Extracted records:
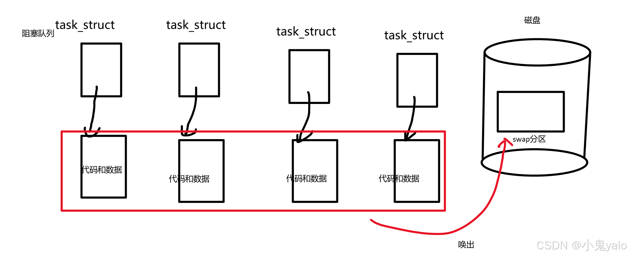 阻塞挂起状态:将阻塞队列中的进程 唤出到磁盘的swap分区上
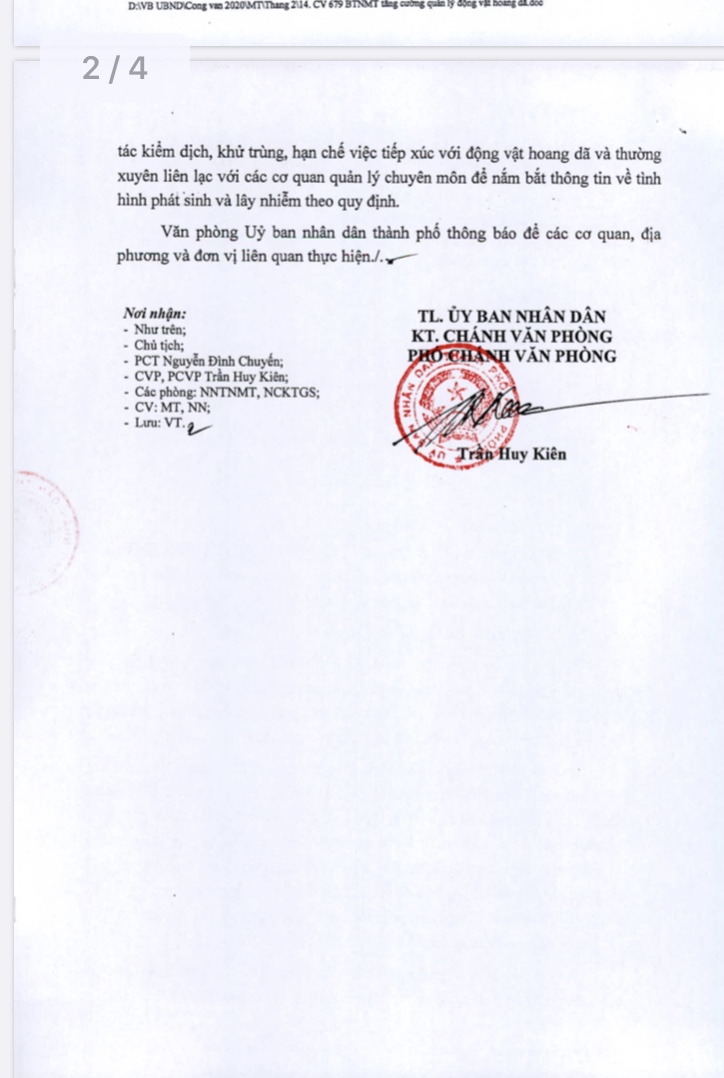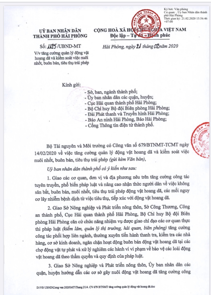 UNND thành phố Hải Phòng vừa ban hành văn bản số 1125/UBND-MT ngày 21/02/2020 về việc Tăng cường quản lý động vật hoang dã và kiểm soát việc nuôi nhốt, buôn bán, tiêu thụ trái phép
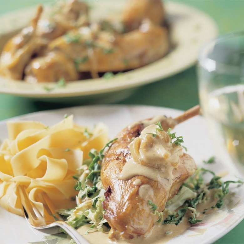 Divide los pernos de conejo y las brasas sobre las placas. Vierta la salsa de mostaza sobre la carne. Sirva con este plato, por ejemplo, tallarines o puré de papas.
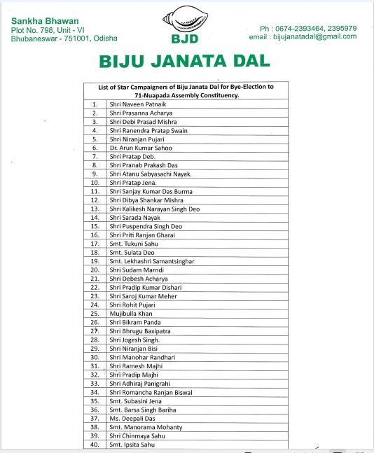ବିଜେଡି ଜାରି କଲା ୪୦ ଜଣିଆ ଷ୍ଟାର୍ ପ୍ରଚାରକ ତାଲିକା
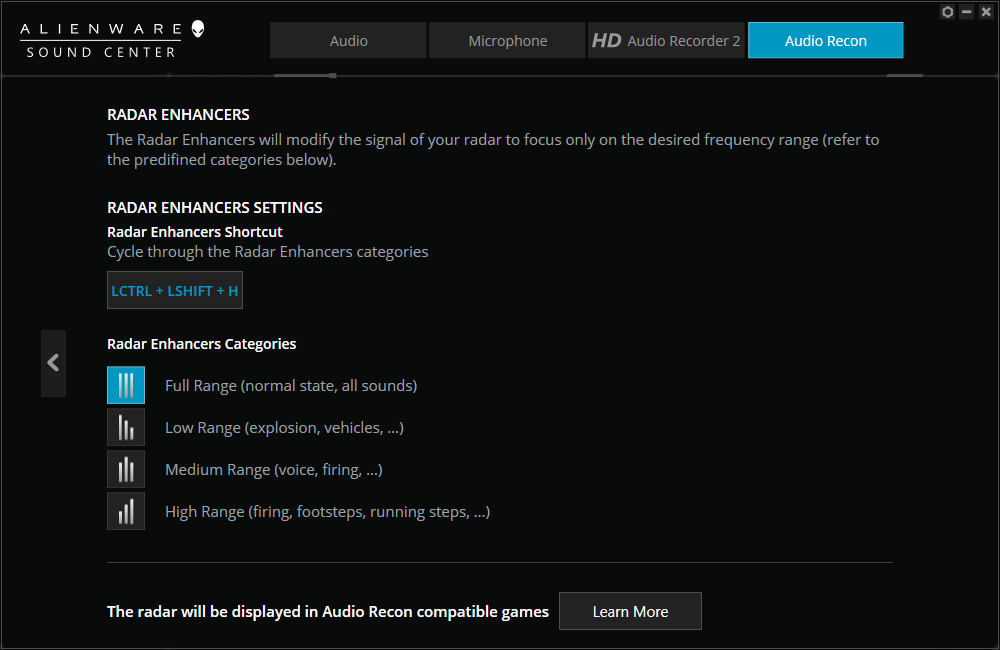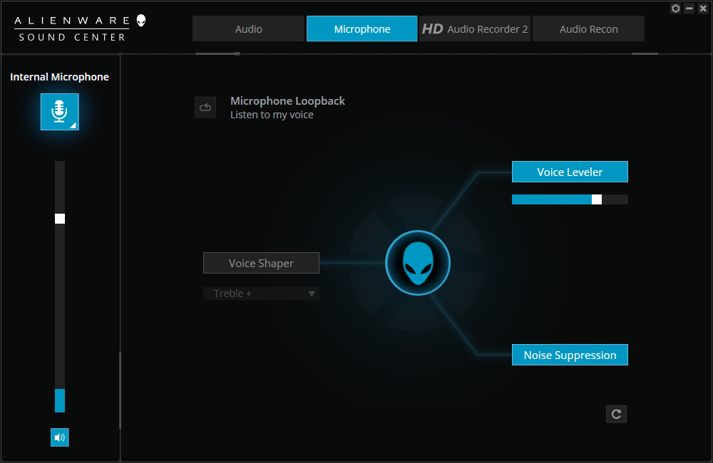 Laut Dell befindet sich in dem neuen Gehäuse ein überarbeitetes 2.1-Soundsystem. Tatsächlich ist die Klangqualität sehr gut, denn es gibt deutlich mehr Bass als bei vielen normalen oder dünnen Geräten. Da sich die Lautsprecher sowie der Subwoofer jedoch im vorderen Bereich der Baseunit befinden, vibriert die Handballenauflage schon bei 50 % der maximalen Lautstärke. Der maximale Pegel ist sehr hoch, und es gibt keine Verzerrungen. Aufgrund der lauten Lüfter kann man den guten Sound beim Spielen jedoch kaum genießen. Wir empfehlen die Sample-Rate innerhalb des Alienware Sound Tools auf 192 kHz zu stellen und den Bass zu verstärken, um das meiste aus den Boxen zu holen.
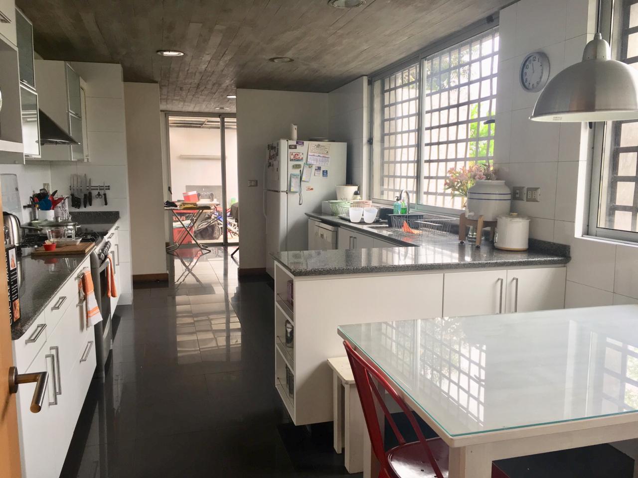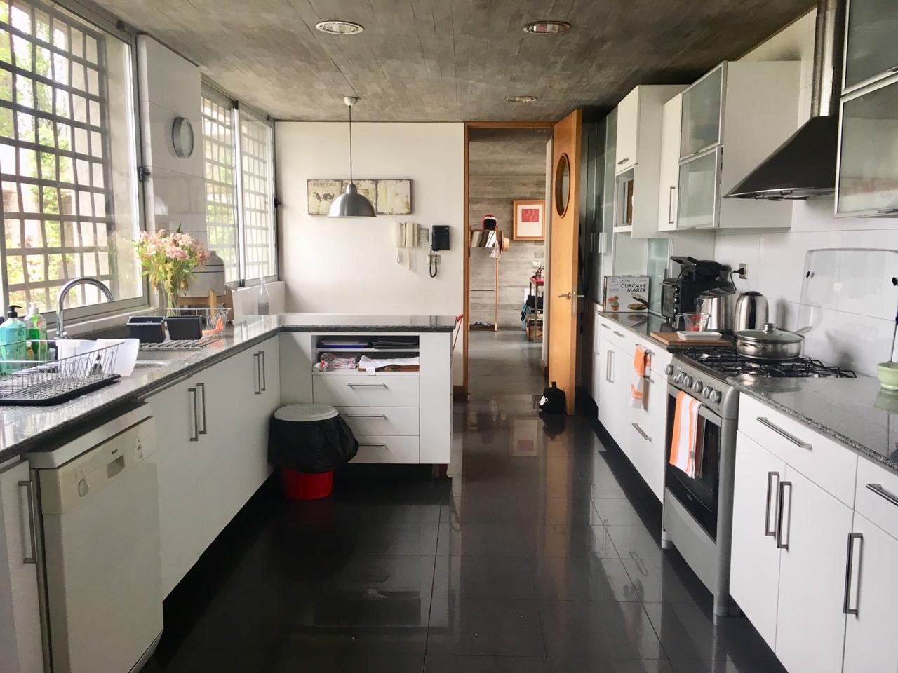 Amplia cocina con comedor de diario, cubiertas de granito, dormitorio y baño de servicio, patio de servicio techado con closets.
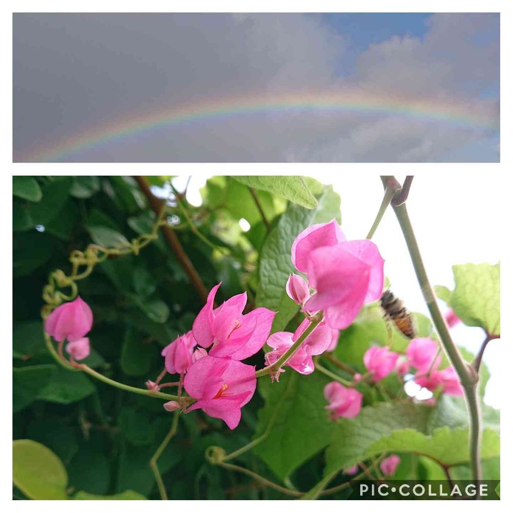 数日前に撮った虹🌈とアサヒカズラ💠と🐝さんの写真をアップします😊
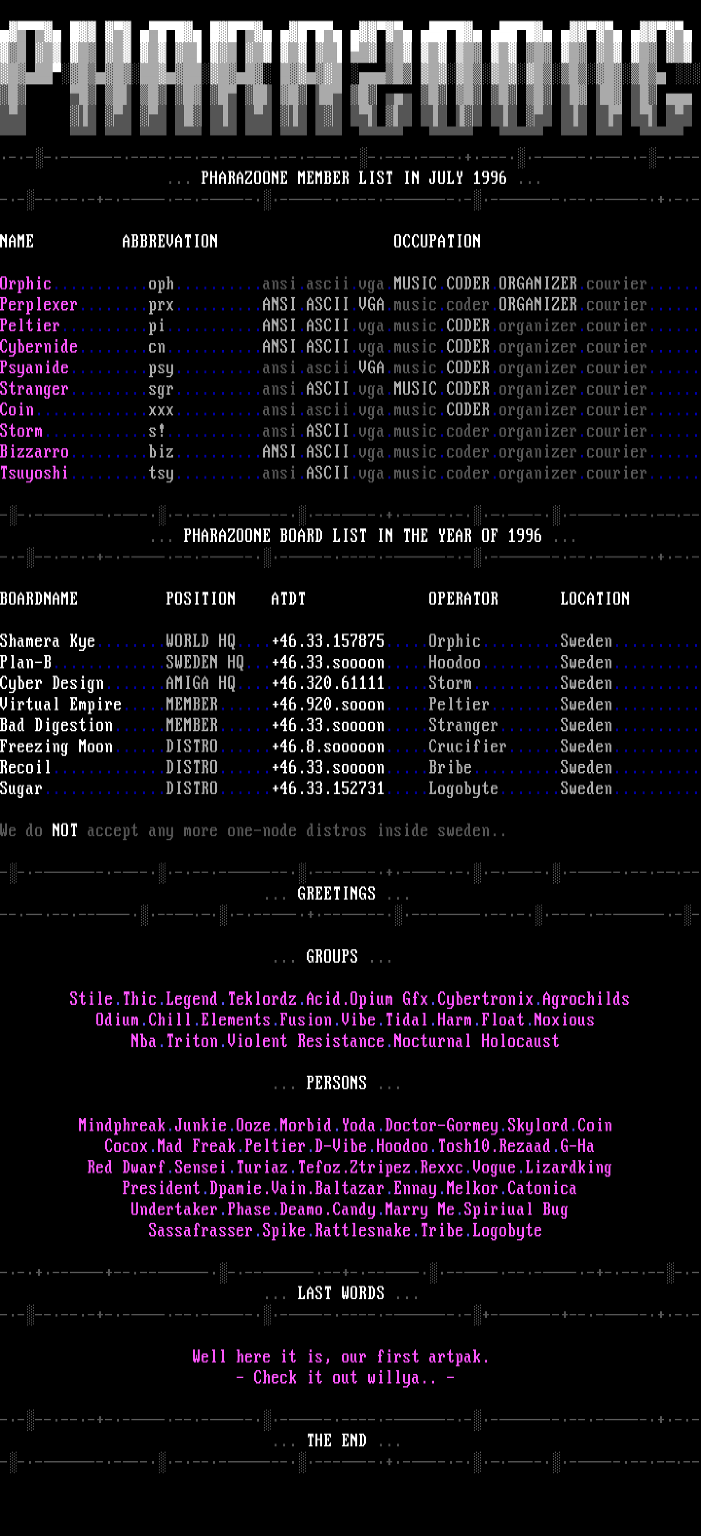 --------------------+-------------- ... PHARAZOONE BOARD LIST IN THE YEAR OF 1996 ...
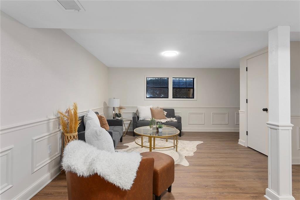 Welcome home to this beautifully updated property featuring a fully remodeled floor plan with a fresh modern feel throughout. From the moment you step inside, you’ll love the bright open spaces, sleek finishes, and thoughtful updates that make this home truly move-in ready. The kitchen is a showstopper with painted cabinets, a stylish tiled backsplash, and a butcher-block center island that offers extra counter space and doubles as seating—perfect for everyday meals or entertaining guests. The primary bedroom features its own private ensuite bathroom complete with a walk-in shower for convenience and comfort. Head downstairs to the second spacious family room, ideal for movie nights or hosting gatherings. Don’t miss the fun corner bar area with infinity lights—your new favorite spot for game nights or weekend hangouts! One of the best spaces in the home is the fully enclosed sunroom—usable year-round with plenty of room for a dining setup or cozy couches to relax with your morning coffee or unwind in the evenings. Step outside to the huge fenced backyard, offering endless possibilities! There’s a large patio area great for outdoor seating or BBQs, along with two storage sheds for tools, toys, and equipment.
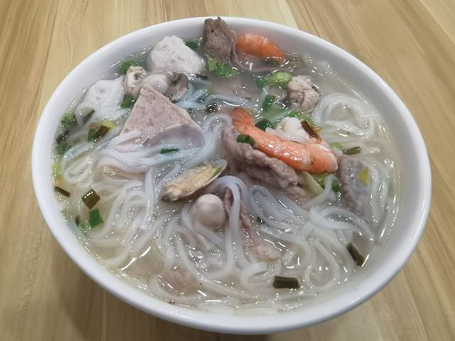 满满一碗粿条面,真材实料,除了粿条,还有鲜虾、花甲、猪肉丸、生蚝、猪肝…这一碗,20块钱。

Exercise details
What is needed is an exact copy of all the records, minus any pictures.

The completed task
 阻塞挂起状态:将阻塞队列中的进程 唤出到磁盘的swap分区上
 UNND thành phố Hải Phòng vừa ban hành văn bản số 1125/UBND-MT ngày 21/02/2020 về việc Tăng cường quản lý động vật hoang dã và kiểm soát việc nuôi nhốt, buôn bán, tiêu thụ trái phép
 Divide los pernos de conejo y las brasas sobre las placas. Vierta la salsa de mostaza sobre la carne. Sirva con este plato, por ejemplo, tallarines o puré de papas.
ବିଜେଡି ଜାରି କଲା ୪୦ ଜଣିଆ ଷ୍ଟାର୍ ପ୍ରଚାରକ ତାଲିକା
 Laut Dell befindet sich in dem neuen Gehäuse ein überarbeitetes 2.1-Soundsystem. Tatsächlich ist die Klangqualität sehr gut, denn es gibt deutlich mehr Bass als bei vielen normalen oder dünnen Geräten. Da sich die Lautsprecher sowie der Subwoofer jedoch im vorderen Bereich der Baseunit befinden, vibriert die Handballenauflage schon bei 50 % der maximalen Lautstärke. Der maximale Pegel ist sehr hoch, und es gibt keine Verzerrungen. Aufgrund der lauten Lüfter kann man den guten Sound beim Spielen jedoch kaum genießen. Wir empfehlen die Sample-Rate innerhalb des Alienware Sound Tools auf 192 kHz zu stellen und den Bass zu verstärken, um das meiste aus den Boxen zu holen.
 Amplia cocina con comedor de diario, cubiertas de granito, dormitorio y baño de servicio, patio de servicio techado con closets.
 数日前に撮った虹🌈とアサヒカズラ💠と🐝さんの写真をアップします😊
 --------------------+-------------- ... PHARAZOONE BOARD LIST IN THE YEAR OF 1996 ...
 Welcome home to this beautifully updated property featuring a fully remodeled floor plan with a fresh modern feel throughout. From the moment you step inside, you’ll love the bright open spaces, sleek finishes, and thoughtful updates that make this home truly move-in ready. The kitchen is a showstopper with painted cabinets, a stylish tiled backsplash, and a butcher-block center island that offers extra counter space and doubles as seating—perfect for everyday meals or entertaining guests. The primary bedroom features its own private ensuite bathroom complete with a walk-in shower for convenience and comfort. Head downstairs to the second spacious family room, ideal for movie nights or hosting gatherings. Don’t miss the fun corner bar area with infinity lights—your new favorite spot for game nights or weekend hangouts! One of the best spaces in the home is the fully enclosed sunroom—usable year-round with plenty of room for a dining setup or cozy couches to relax with your morning coffee or unwind in the evenings. Step outside to the huge fenced backyard, offering endless possibilities! There’s a large patio area great for outdoor seating or BBQs, along with two storage sheds for tools, toys, and equipment.
 满满一碗粿条面,真材实料,除了粿条,还有鲜虾、花甲、猪肉丸、生蚝、猪肝…这一碗,20块钱。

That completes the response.